How Long Do Great Danes Live? Interesting Facts You May Not Know

Oluwatosin Michael
Feb 29, 2024 By Oluwatosin Michael
Originally Published on Nov 21, 2021
Black Great Dane sitting on grass.
Age: 3-18
Read time: 12.5 Min

Great Dane might be one of the largest dog breeds out there, but its life span is surprisingly shorter than most other breeds.

While some feel threatened by its huge size, the Great Dane is a very social dog breed. It bonds wonderfully with families too.

The other common name for Great Dane is German Mastiff. It is one of the tallest dog breeds, known for its muscular build and majestic march. Because of the breed's size, it is not the first choice for many when choosing a dog for the family. The truth is that several breeds of big dogs like the Great Dane are quiet and affectionate with people of all age groups, including kids. Its size might be one of the captivating factors of this breed, but it is also the reason behind its lower life expectancy.

Large dogs like this tend to live shorter. Learning about the life span of such large breed dogs and understanding the common health problems is important before adopting a dog.

Raising a dog is a long-term commitment.

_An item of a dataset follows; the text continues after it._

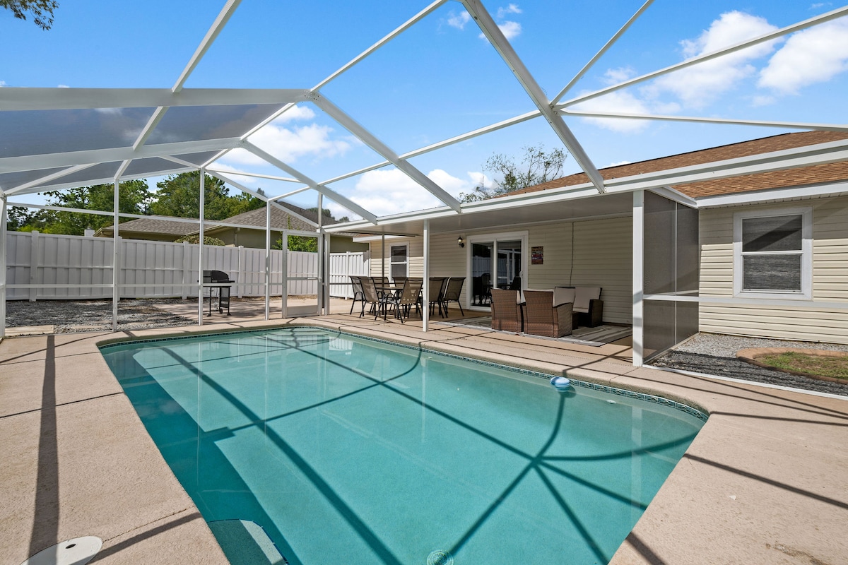 Bienvenido a Henry's Hideaway, un relajado refugio en Ocala donde las familias, los amigos y los cachorros pueden extenderse, relajarse y disfrutar del tiempo juntos en una propiedad tranquila y cercada rodeada de naturaleza. - Capacidad para 9 personas | 3 dormitorios | 5 camas | 2 baños - Piscina privada al aire libre, disponible todo el año. - Sala de juegos independiente con mesa de billar, juegos de arcade y TV - Lanai con mosquitero, chimenea, parrilla y patio trasero cercado - Cocina totalmente equipada, wifi y espacio de trabajo dedicado. - Apto para mascotas y familias con sala de juegos para niños.

As a puppy, most dogs are healthy, playful, and affectionate. But most breed dogs require special attention and healthcare facilities in the later stages of their lives. Great Danes are no exceptions. But the main difference is that, as giant breeds, they tend to age faster and thus live a short life.

You cannot expect these breeds to live for ten years or more like many other, smaller breeds. The connection between size and the duration for which dogs live is one reason here. This breed's vulnerability to various diseases like hip dysplasia during the senior years is another reason behind its short life span.

Once you finish reading this article to understand the life span of a Great Dane, why not get answers to other questions like how long do boxers live and how long do bulldogs live here on Kidadl?

The Average Lifespan Of Great Danes

The average life span of a Great Dane is ideally around 8-10 years. But many dogs live up to 6.5 years of age, and some even die earlier than that.

The actual number of years your dog lives depends on its health condition, its lifestyle, diet, and numerous other factors. Dogs with heart disease and other chronic conditions like hip dysplasia might die sooner, while healthy dogs tend to live longer, up to 8-10 years.

Digestion-related problems like when their stomachs bloat are the most common health concerns in a Great Dane. Its overall health largely depends on its nutrition and physical activities.

Great Danes love to be active during most parts of the day. They also have a rapid metabolism, and their diet patterns tend to be much different from most other giant breed dogs.

The nutritional requirements vary from one dog breed to another. So, knowing what your Great Dane needs would be the best way to prevent heart and kidney problems arising due to nutritional deficiencies during the later stages in its life. Kidney issues can also cause a Great Dane to die early.

Maintaining a healthy diet and taking measures not to let its stomach bloat can help improve the lifespan of your Great Dane significantly. Like most other large breed dogs, this one needs plenty of daily exercise. Your Great Dane needs exercise as an important consideration for its lifespan.

Great Danes die earlier than most breeds mainly because of their rapid aging rate and their large build. Females, however, are slightly smaller in size than males. This is the reason why some female Great Danes live longer than males.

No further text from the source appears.